Task statement: No pictures belong in the copy. Retype exactly, and only, the stretch of lines below from the one with "(2)有機(jī)溶劑再生。" through the one with "HPS Performance Ear".

---------- Input data ----------

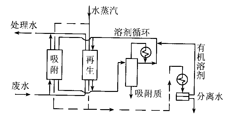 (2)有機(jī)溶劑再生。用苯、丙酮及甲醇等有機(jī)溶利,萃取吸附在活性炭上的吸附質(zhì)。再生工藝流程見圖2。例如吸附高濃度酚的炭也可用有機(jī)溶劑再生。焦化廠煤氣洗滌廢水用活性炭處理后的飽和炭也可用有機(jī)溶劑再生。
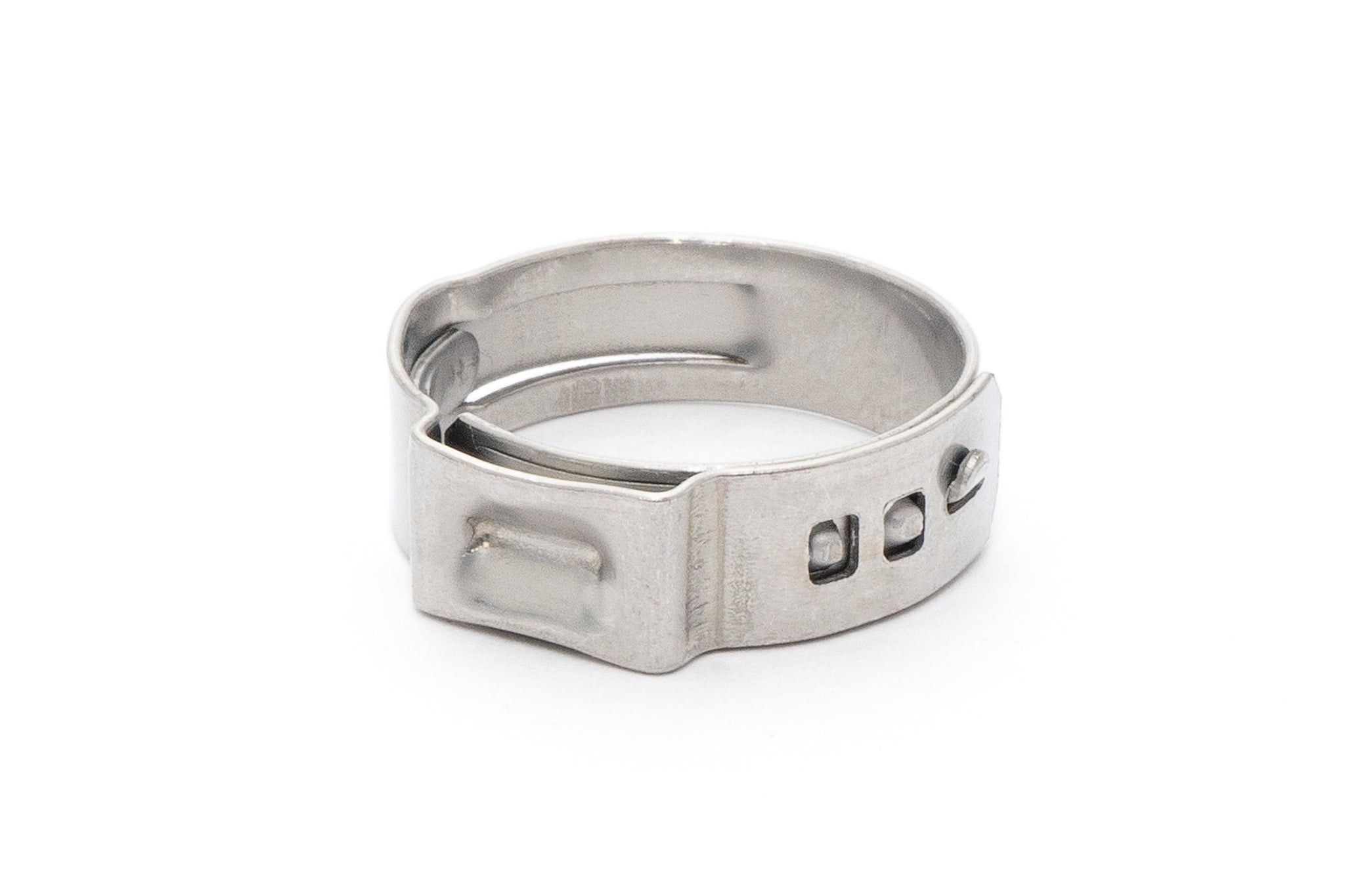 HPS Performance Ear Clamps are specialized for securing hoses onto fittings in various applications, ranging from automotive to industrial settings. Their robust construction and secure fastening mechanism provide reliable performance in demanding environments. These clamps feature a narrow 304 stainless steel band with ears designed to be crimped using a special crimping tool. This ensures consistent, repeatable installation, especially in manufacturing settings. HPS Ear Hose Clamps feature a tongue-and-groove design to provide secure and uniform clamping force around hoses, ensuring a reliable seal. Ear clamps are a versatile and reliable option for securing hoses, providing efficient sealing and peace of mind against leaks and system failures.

----------
---------- Input data ----------

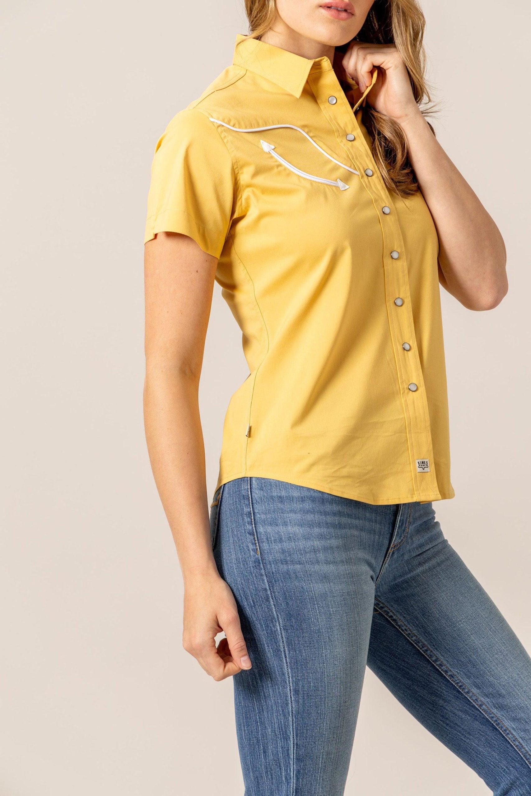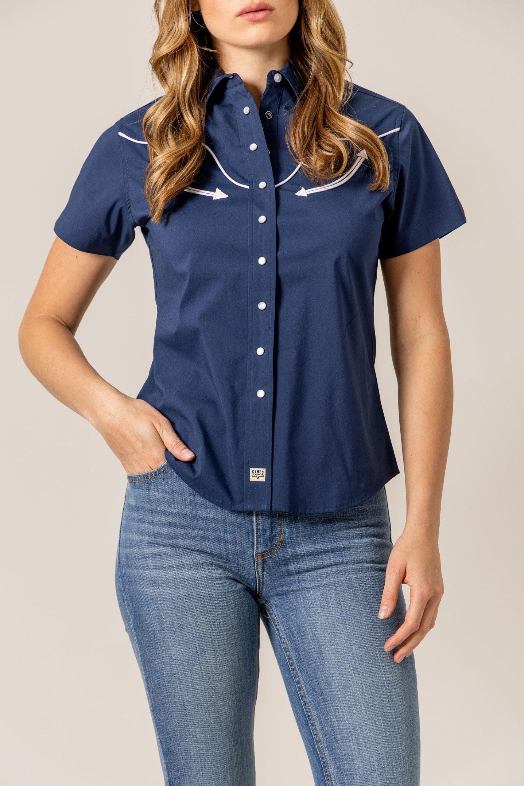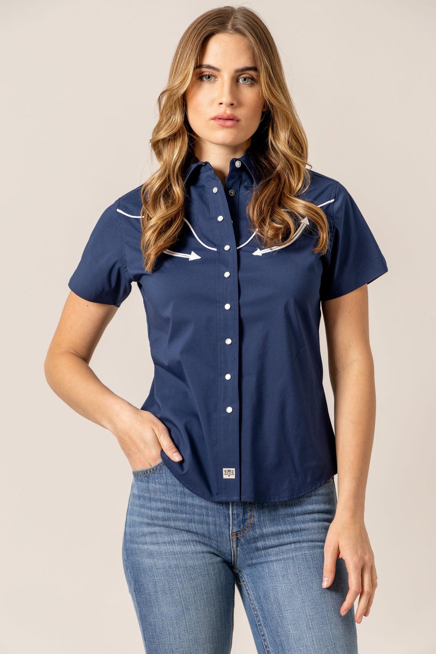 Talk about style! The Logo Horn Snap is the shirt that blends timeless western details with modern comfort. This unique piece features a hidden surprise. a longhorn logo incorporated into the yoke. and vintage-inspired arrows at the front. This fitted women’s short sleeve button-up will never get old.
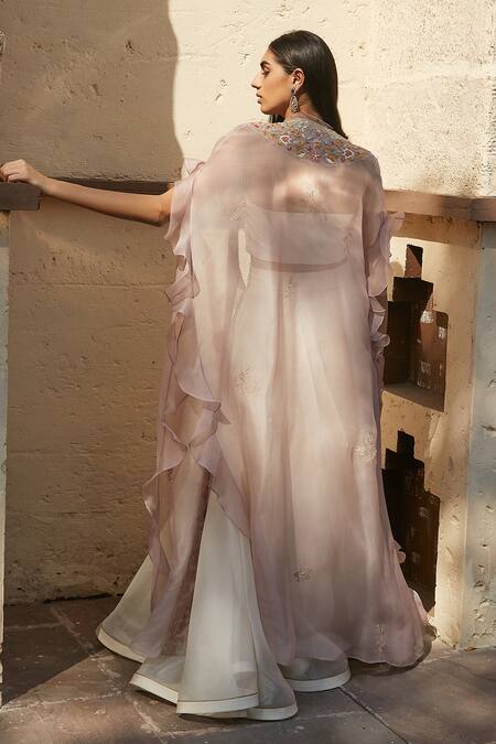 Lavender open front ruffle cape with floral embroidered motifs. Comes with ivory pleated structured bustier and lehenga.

----------

Problem solution:
 (2)有機(jī)溶劑再生。用苯、丙酮及甲醇等有機(jī)溶利,萃取吸附在活性炭上的吸附質(zhì)。再生工藝流程見圖2。例如吸附高濃度酚的炭也可用有機(jī)溶劑再生。焦化廠煤氣洗滌廢水用活性炭處理后的飽和炭也可用有機(jī)溶劑再生。
 HPS Performance Ear Clamps are specialized for securing hoses onto fittings in various applications, ranging from automotive to industrial settings. Their robust construction and secure fastening mechanism provide reliable performance in demanding environments. These clamps feature a narrow 304 stainless steel band with ears designed to be crimped using a special crimping tool. This ensures consistent, repeatable installation, especially in manufacturing settings. HPS Ear Hose Clamps feature a tongue-and-groove design to provide secure and uniform clamping force around hoses, ensuring a reliable seal. Ear clamps are a versatile and reliable option for securing hoses, providing efficient sealing and peace of mind against leaks and system failures.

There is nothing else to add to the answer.